In the beginning of the movie Dirty Harry, Inspector Callahan asks the not yet completely disarmed bank robber whether or not he has fired five shots or six. Notice that the hammer on Callahan’s revolver is pulled back. After the bank robber is completely disarmed, the bank robber says, “I gots to know.” Note that at this point the hammer on the revolver is now down. Apparently Callahan eased the hammer down off camera shortly before this exchange. He then pulls the hammer back and pulls the trigger but it is on an empty round. I have read elsewhere that the original movie only showed Callahan firing five shots and that only later releases had the off-camera audio of a sixth shot edited in. The revolver in the movie is a double action revolver. This means that pulling the hammer back advances the cylinder to the next round. If Callahan had only fired five shots, this means that the gun was on a live round in the sixth chamber when he asked the infamous question but then moments later he advanced the cylinder to the now spent first chamber before pulling the trigger. What does the SDMB think? Did Callahan have the situation completely under control the entire time? My theory is that of course he had it under control. He’s Dirty Harry and he always had everything under control.

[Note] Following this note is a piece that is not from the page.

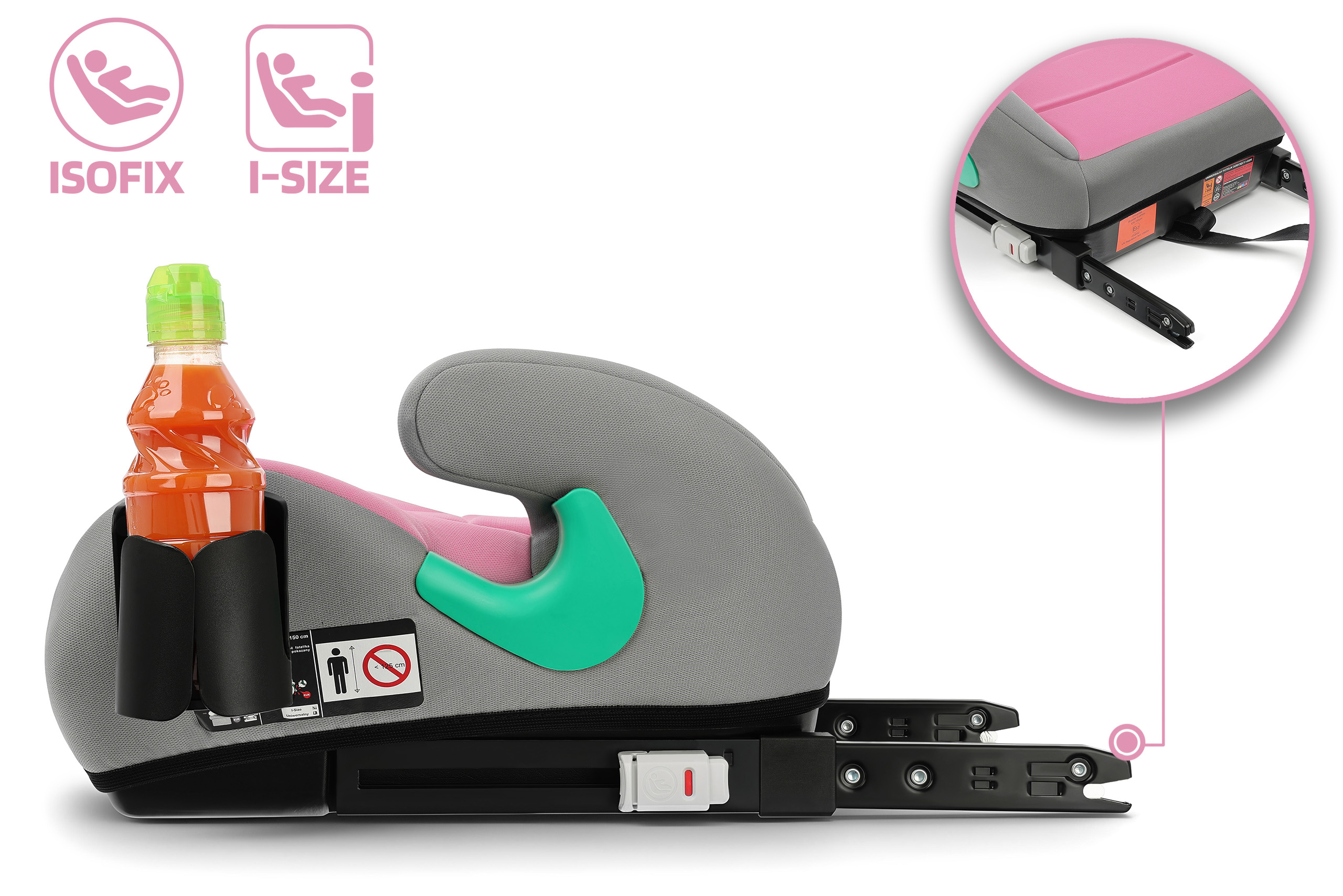 FOTELIK SAMOCHODOWY PODKŁADKA SIEDZISKO Z ISOFIX SZARO-RÓŻOWY R129 125-150 CM

Harry knew how many shots he fired.
I always thought it was a continuity error. It’s listed under Goofs on IMDB.
Some experienced shooters load 5 instead of 6 in a revolver as a safety measure. I don’t. I always load 6.

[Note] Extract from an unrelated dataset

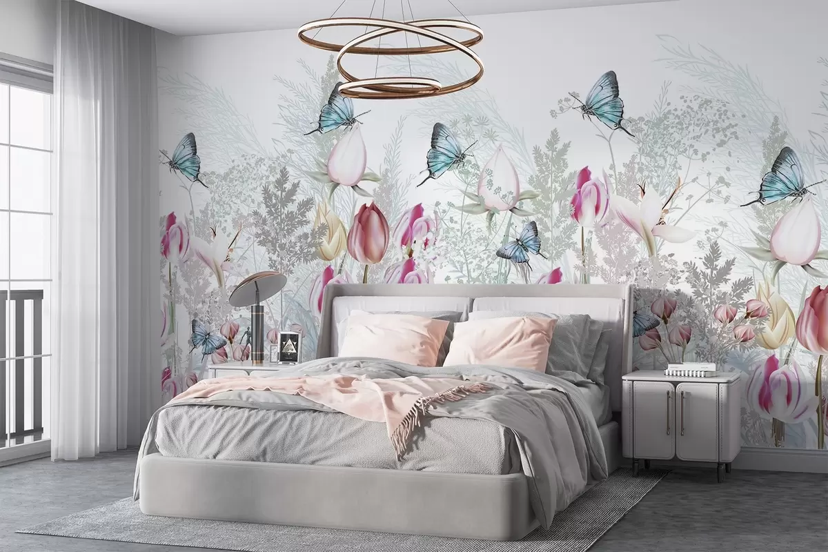 Fototapetak Pasztell nyomtatás tulipán virágokkal, fűvel és pillangókkal, amelyek egy kertben repülnek Nr. w08834
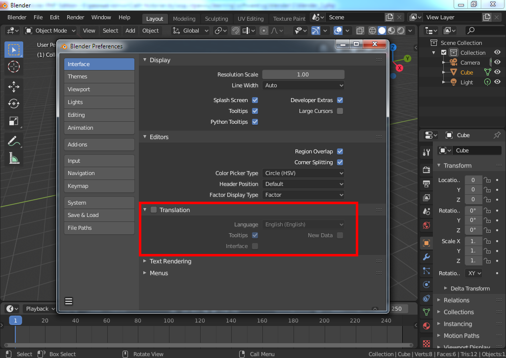 Для того, чтобы языковые настройки вступили в силу, напротив параметра "Translation" должна стоять галочка. В дальнейших пояснениях будет использоваться перевод интерфейса Blender на русский и английский языки.

It’s really nice if the revolver has a transfer bar, or other internal safety when you do… See Freedom Arms, their model 81 revolver, and Harry Carlson.

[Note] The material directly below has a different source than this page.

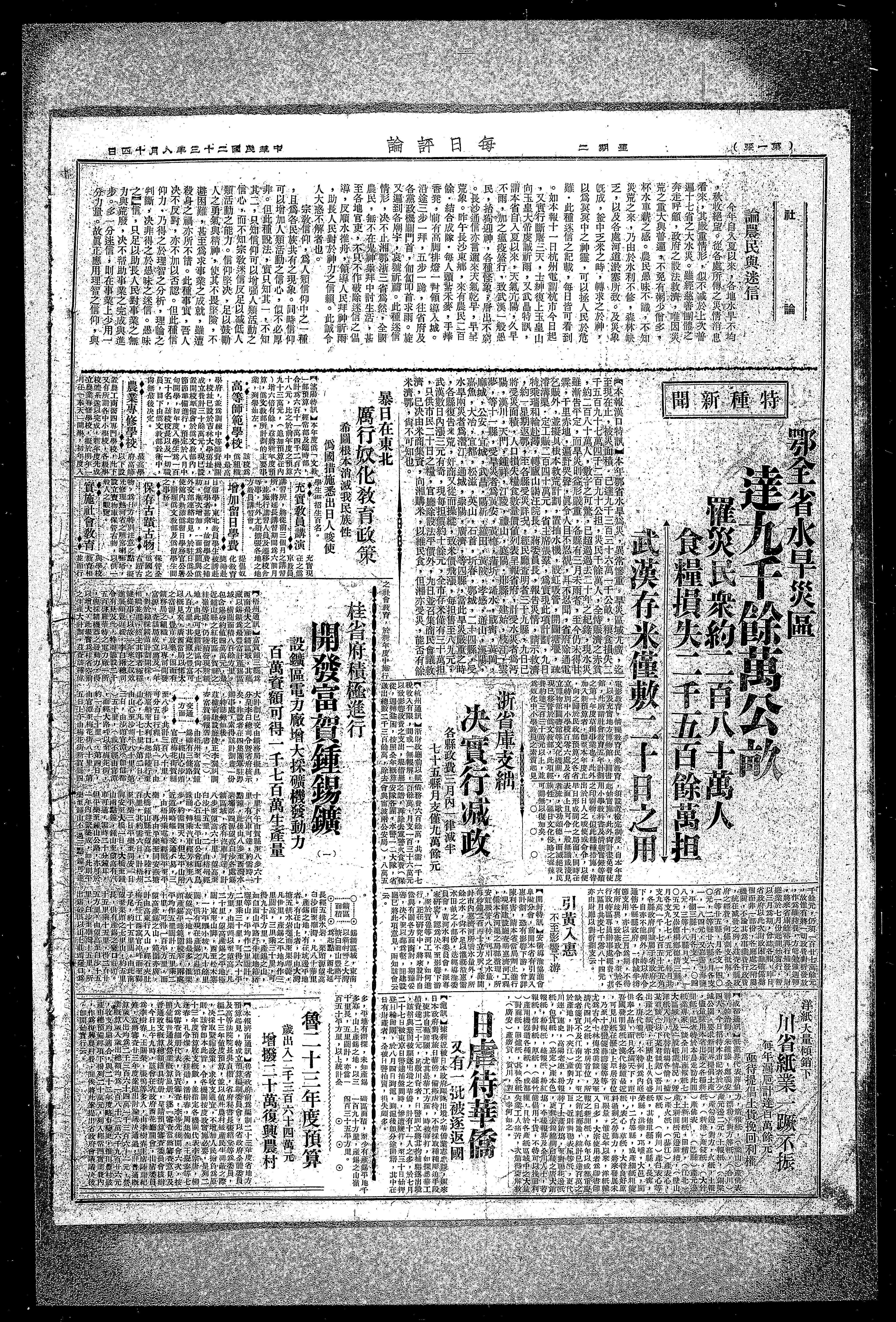 【本报汉日特训】本年鄂省水旱为灾,异常惨重,旱灾区域尤广,迄至现在止,被灾面积,已达九千三百三十六万一千公亩,粮食损失二千五百九十七万四千二百九十公担,灾民千余万人,全恃赈济之赤贫。

Back in the cowboy days (late 1800s) the firing pin of your typical single action revolver rested on the cartridge when the hammer was down. If you accidentally bumped the hammer, BANG!
Modern revolvers typically use either a transfer bar or a hammer block or some other mechanism to prevent this type of accidental discharge. If you are shooting an authentic revolver from back in the day, you definitely want to load 5 instead of 6. If you are shooting anything modern, it’s not really an issue. If you pull the hammer back and drop it without pulling the trigger, a modern revolver won’t fire.
Smith & Wesson likes to use hammer blocks instead of transfer bars. The Smith & Wesson Model 29 has a hammer block so there’s no reason for Harry to load 5 instead of 6.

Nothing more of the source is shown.